Tuesday, May 01, 2007

How not to QSL

I was going to write about some thinking I've been doing for my St. Kitts trip but that will need to wait. I just finished processing another batch of QSL cards and I have some observations to make.
Let me first say that I've apologized in previous posts like this one that there were certainly things we could have done better to ensure accurate logs were kept. I will not reiterate those ideas here. The DXpedition has the responsibility to ensure that QSOs are recorded properly. After that, though, the remaining responsibilities rest largely with the operator at home to get a QSL card request together, in the format requested by the DXpedition team, to the proper QSL manager, and bundled with the correct self addressed stamped envelope or postage. We were quite specific about how QSLing would be done and what operators must do to receive a card. (The guidelines were published nearly two months before the trip.)
Most QSL card requests for the Montserrat trip were made by operators who could follow directions. For the rest, well, allow me to provide a (partial) list of ways not to QSL to a DXpedition. Here are ten easy steps to be a bad QSLer.
  1. Never visit the DXpedition web site. If you visit the web site you might see a link like QSL information. What fun would that be?

  2. Never visit QRZ.com* - Going there would point you to the correct QSL manager.

  3. Don't include postage - The DXpedition may be dedicating hundreds of hours to the planning and execution of their trip.

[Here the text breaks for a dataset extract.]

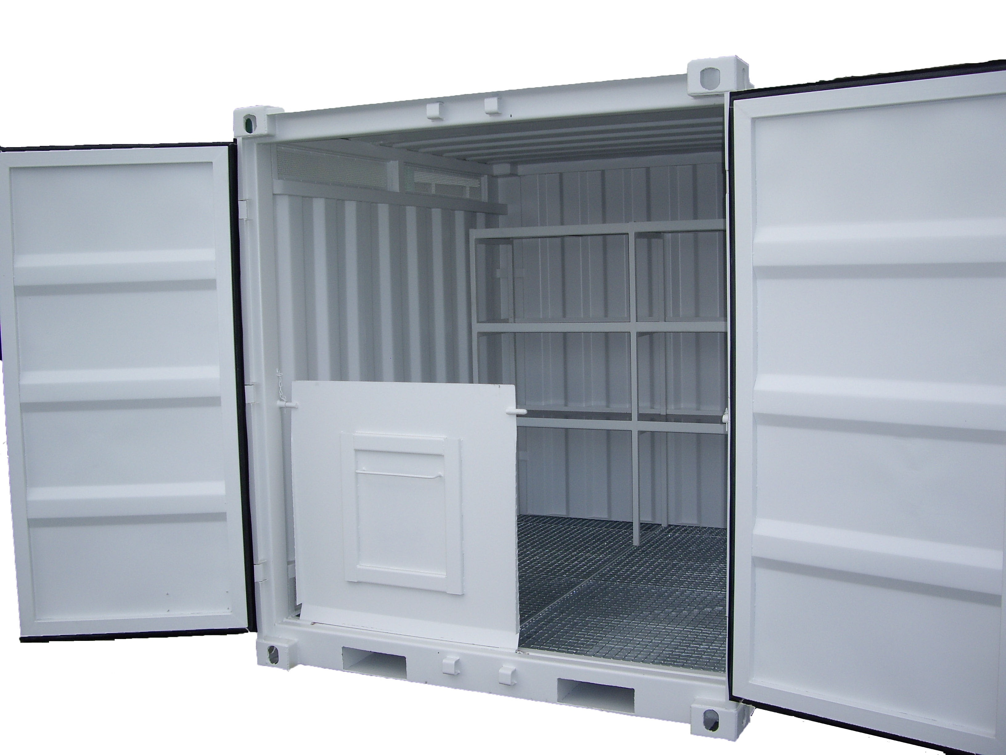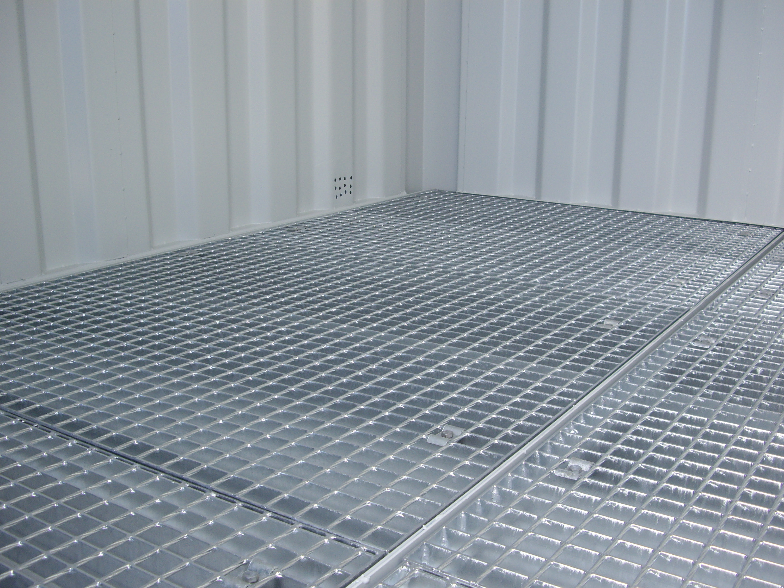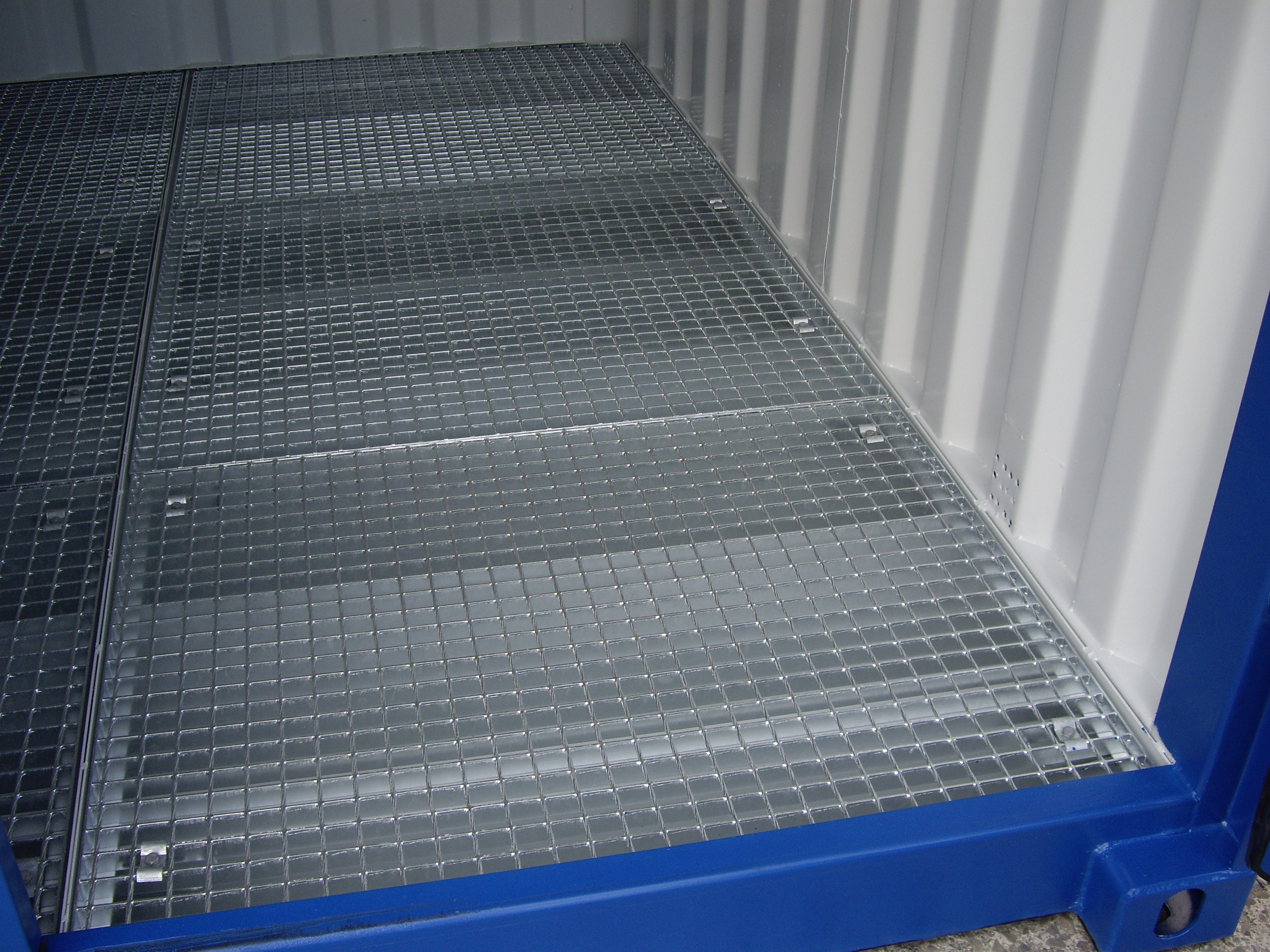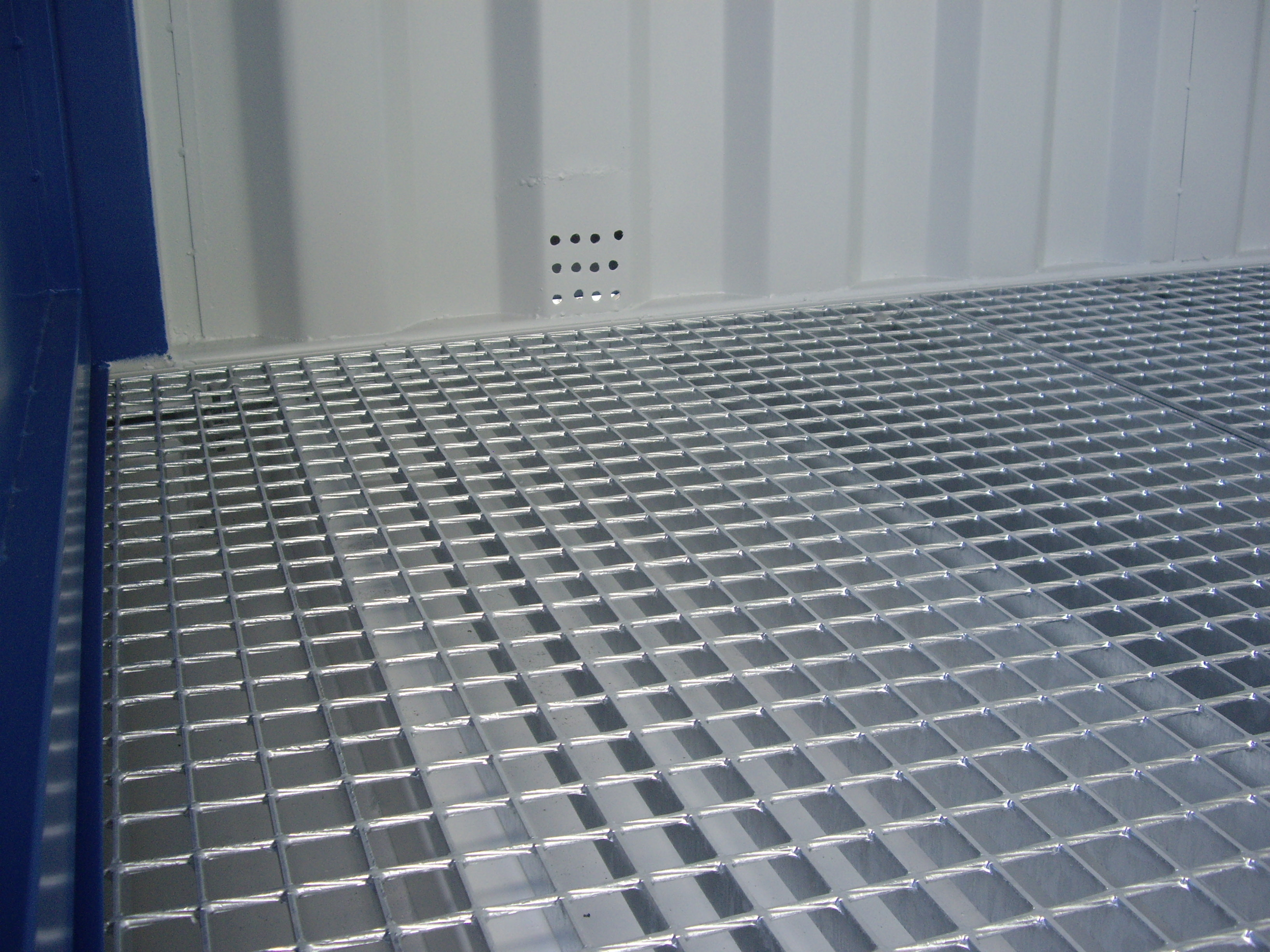 - Podlahu kontajnera tvorí záchytná olejová vaňa s pozinkovaným roštom

Why not make them pay hundreds of dollars in postage costs so you and your friends can get a souvenir QSL card for free?

  4. Don't bother with an envelope - QSL managers have lots of time (and envelopes). They can fill one out for you.

  5. Don't bother double checking your card's data - Guess. Put a band and time down. See if the QSL manager will spend that few minutes searching through the logs for you.

  6. Design your card so it is pretty, but impossible to read - If your card is confusing, or your penmanship is horrific, that just means the QSL manager will spend that much more time admiring your handiwork!

  7. Design your card without your name and address on it and leave out the SASE - The envelope you sent the request in has your return address, of course, but make sure it appears nowhere else. Since QSL card requests and the envelopes are quickly separated during processing, this insures a nightmare for the QSL manager. Imagine the fun the QSL manager will have on his hands-and-knees searching through that huge pile of freshly opened envelopes for the one that matches your very special card!

  8. Send your card to the wrong QSL manager - Yup. This is tons of fun. A nice QSL manager will then need to stop what he's doing, figure out where you should have sent your request, make a new envelope for the correct QSL manager, and forward your request (with your SASE or postage) so you've got a chance of getting that card, too.

  9. Send the wrong amount of postage - Too much or too little are both good ideas! Just make sure it is wrong. Sending expired IRCs is also a good move.

  10. Pack and tape your materials so they are guaranteed to tear upon opening - This is one of the best ways to trip up your QSL adversary. It takes a little extra effort to ensure that even the most careful opening of your QSL request will result in a shredded, unreadable mess, but if that's the effect you're looking for, it will be worth it!

Obviously the above is all tongue-in-cheek, but I assure you that I saw, or handled, at least one of every category above in this effort. My system is pretty good. I can fulfill about 25 QSL card requests per hour of effort assuming there are no data errors (not in log) and everybody provides an SASE or self-addressed envelope. The exceptions, the "not in log" problems, wrong band, wrong mode, and the myriad of problems listed above really gum-up the process, though.
Being a QSL manager will be, even for a modestly sized DXpedition, a tremendous amount of work. The work is enjoyable and rewarding. It is also extremely time consuming. Certainly, no one should undertake this responsibility unless they are patient, thorough, and willing to do the work over a long period of time. Request may come in years after the event.

I'll return to my St. Kitts planning and some thoughts about Dayton tomorrow.

* Actually, VP2MST had "QSL via AB7ST" in his QRZ entry. Oops. I didn't notice that until tonight.


Blogger Unknown said...

Seems like a good argument for electronic QSLing to me. I'm only an occasional operator, yet I still find filling out QSLs a bore. Electronic QSLs save time, paper and postage. It's a no-brainer to me.